L’11 marzo cadrà il centenario della nascita di Franco Basaglia, che non è stato soltanto colui che rivoluzionò la storia della psichiatria. Da giovanissimo era anche stato imprigionato per sei mesi perché distribuiva volantini antifascisti.
Per questa stagione del Teatro della Cooperativa, come direttore artistico avevo pensato a qualche iniziativa dedicata al grande psichiatra veneziano. Ho chiesto a Marco Paolini se avrebbe potuto portare Ausmerzen da noi.
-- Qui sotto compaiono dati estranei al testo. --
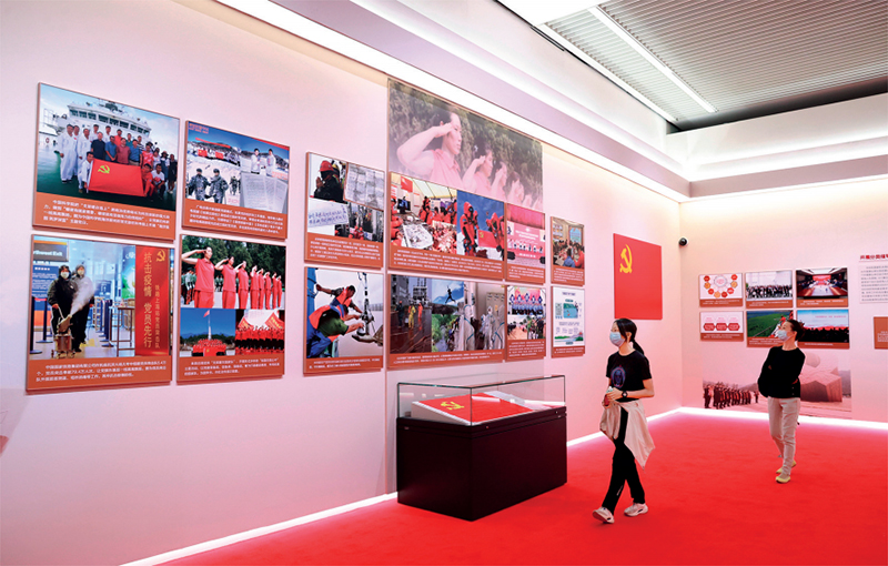 為慶祝中國共産黨成立100周年,2021年7月8日,「讓黨中央放心、讓人民群眾滿意——新時代中央和國家機關黨的建設成就巡禮展」在國家博物館開幕。展覽以貫徹落實習近平總書記在中央和國家機關黨的建設工作會議上的重要講話精神為主線,通過2700余幅圖片、185件實物、3000余冊圖書,生動展現了黨的十八大以來中央和國家機關黨建取得的顯著成績和深刻變化。圖為7月11日,觀眾在該展覽參觀。(中新社發 陳曉根/攝)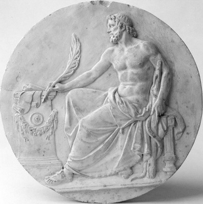 Sokkel van cartouche met weesmeisje en oude man op d...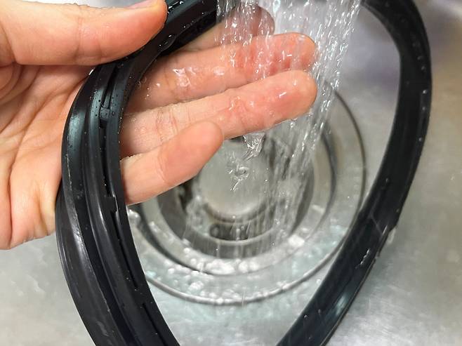 만일 고무패킹이 오염된 경우에도 김이 새고, 냄새가 날 수 있습니다. 고무 패킹은 밥솥 사용 후 분리하여 물로 세척해 주세요.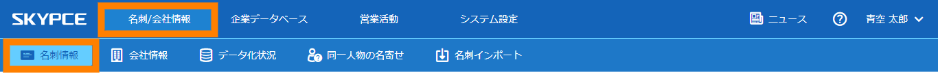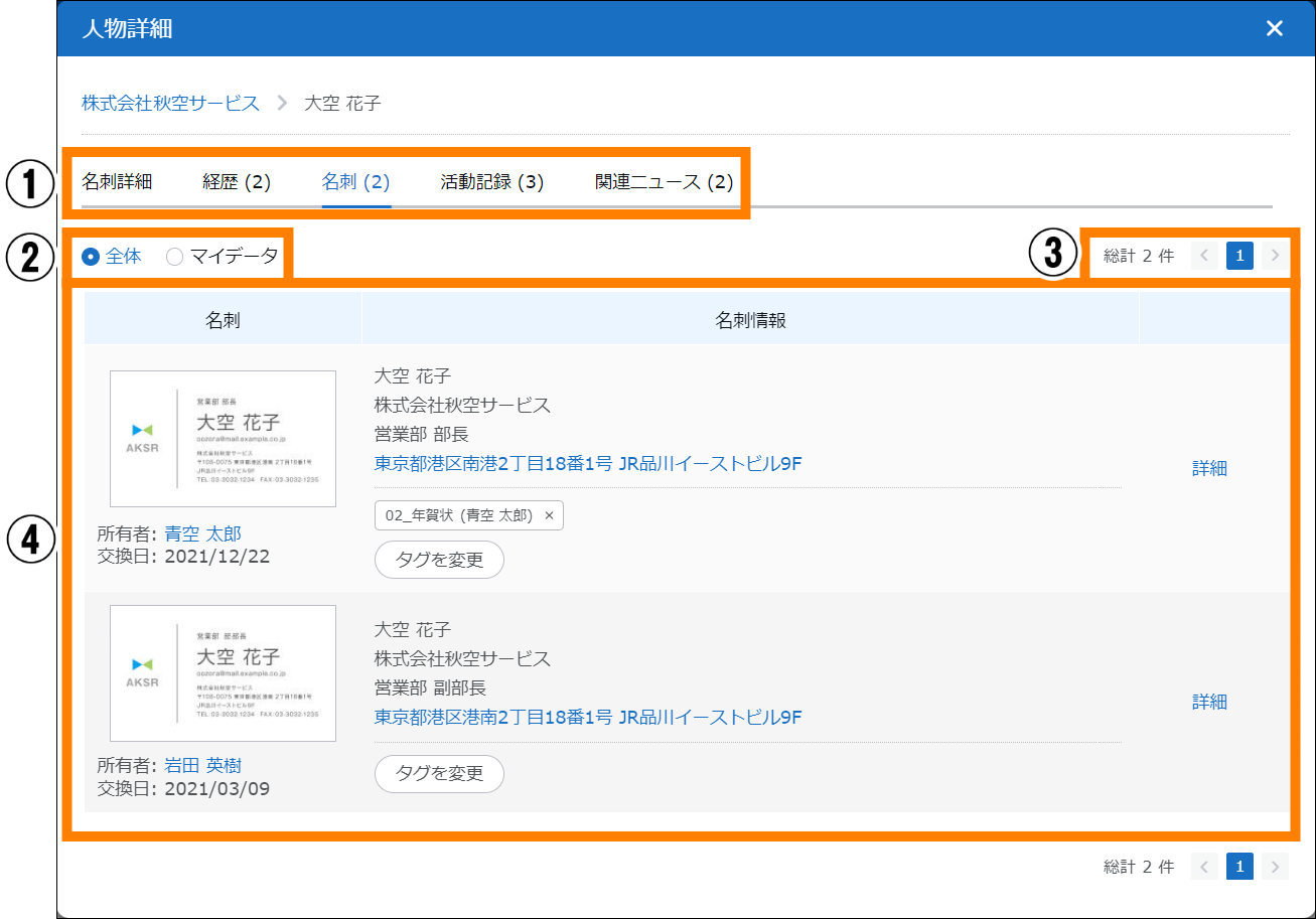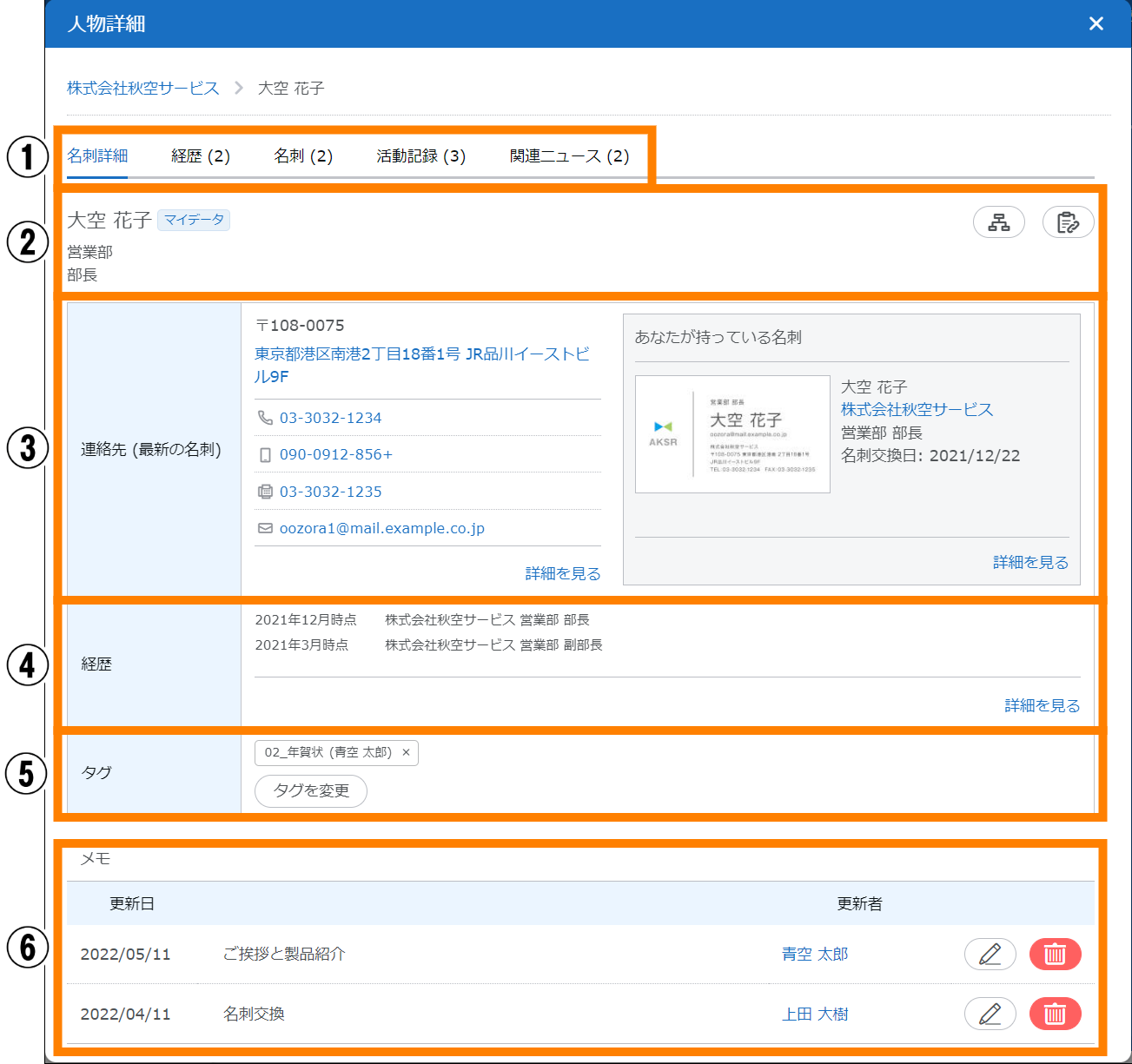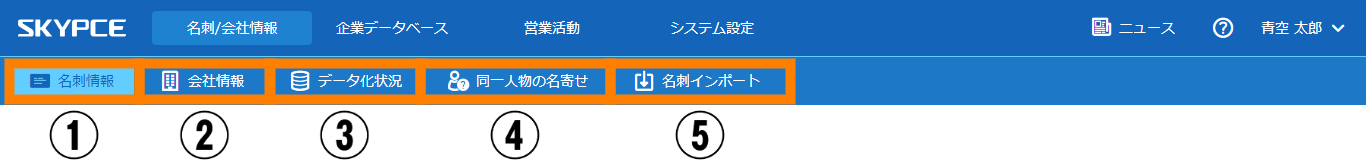| ① | 名刺情報 | 名刺情報の登録や閲覧、タグの操作などができます。 | 参照 |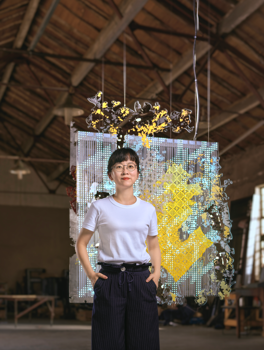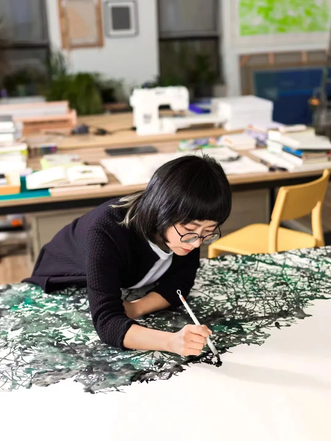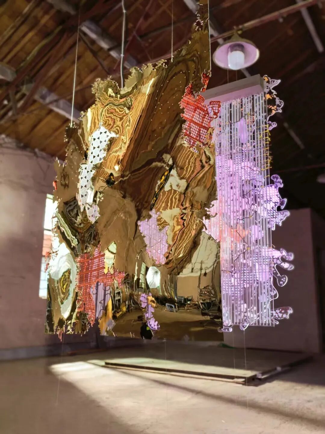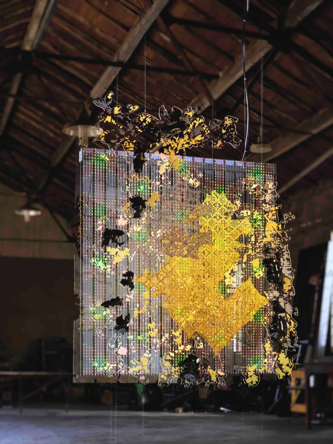 毕蓉蓉《平面生物——风景III》细节图。在作品中,毕蓉蓉将织片与平面创作融合。千高原艺术空间供图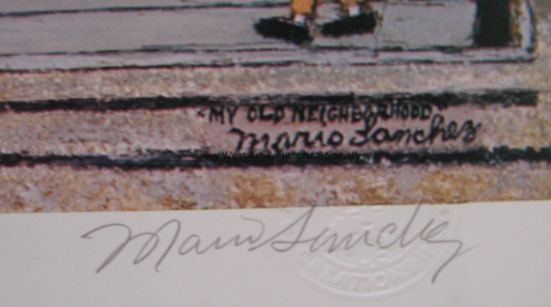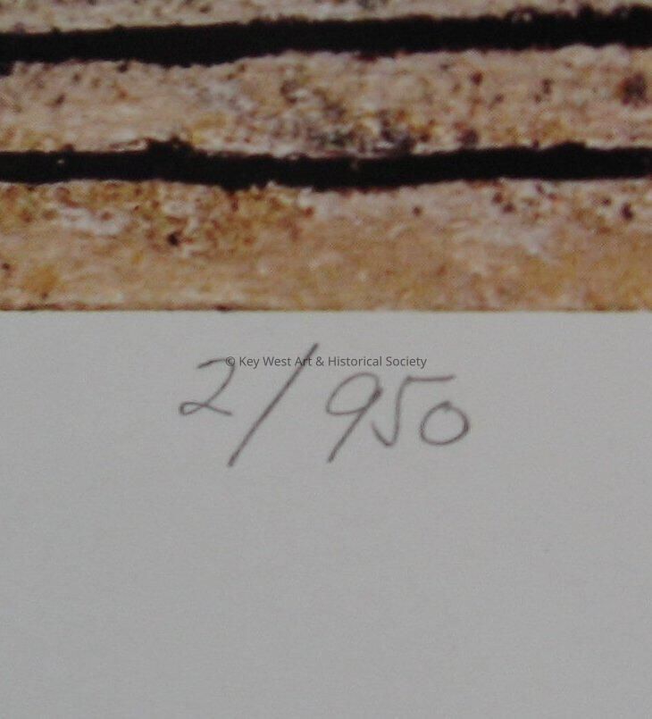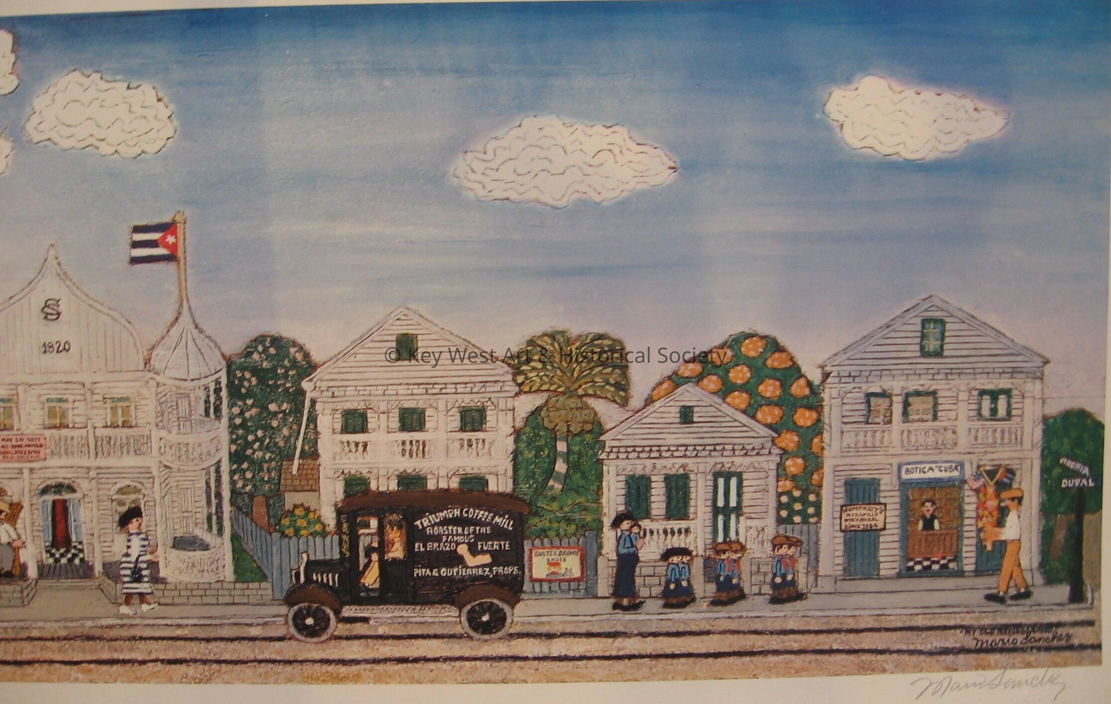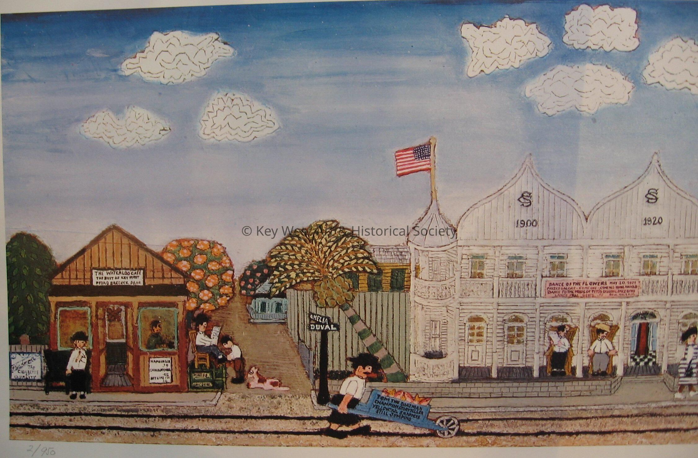 Colored print, stamped and signed, numbered 2 of 950. Street scene of Duval between Amelia and Virginia. Tom the Boatman is pushing a wheel barrel of yellowtails and snapper down the road, a truck for triumph coffee mill is driving down the street. The Waterloo Café, Cuban Club, and Botica Cuba are all in the background. Copied from My Old Neighborhood 1987.01.3204Collection

Quando l’ho chiamato, dopo avermi comunicato che i suoi impegni glielo impedivano, mi ha proposto: “Perché non lo fai tu?”. Un’idea che ho subito accettato perché mi è sembrata davvero un’ottima occasione per cimentarmi con uno dei suoi lavori più interessanti e profondi e per aggiungere un ulteriore tassello al mio percorso teatrale di ricerca, di studio e di approfondimento sui temi legati alla grande Storia del secolo passato e soprattutto alla Seconda Guerra Mondiale.
Al mio fianco sul palco ci sarà Barbara Apuzzo, attrice disabile, un’amica che ha frequentato il nostro teatro fin dagli inizi e che con la sua voce, il suo corpo e la sua presenza fisica renderà ancor più chiaro il messaggio di Ausmerzen.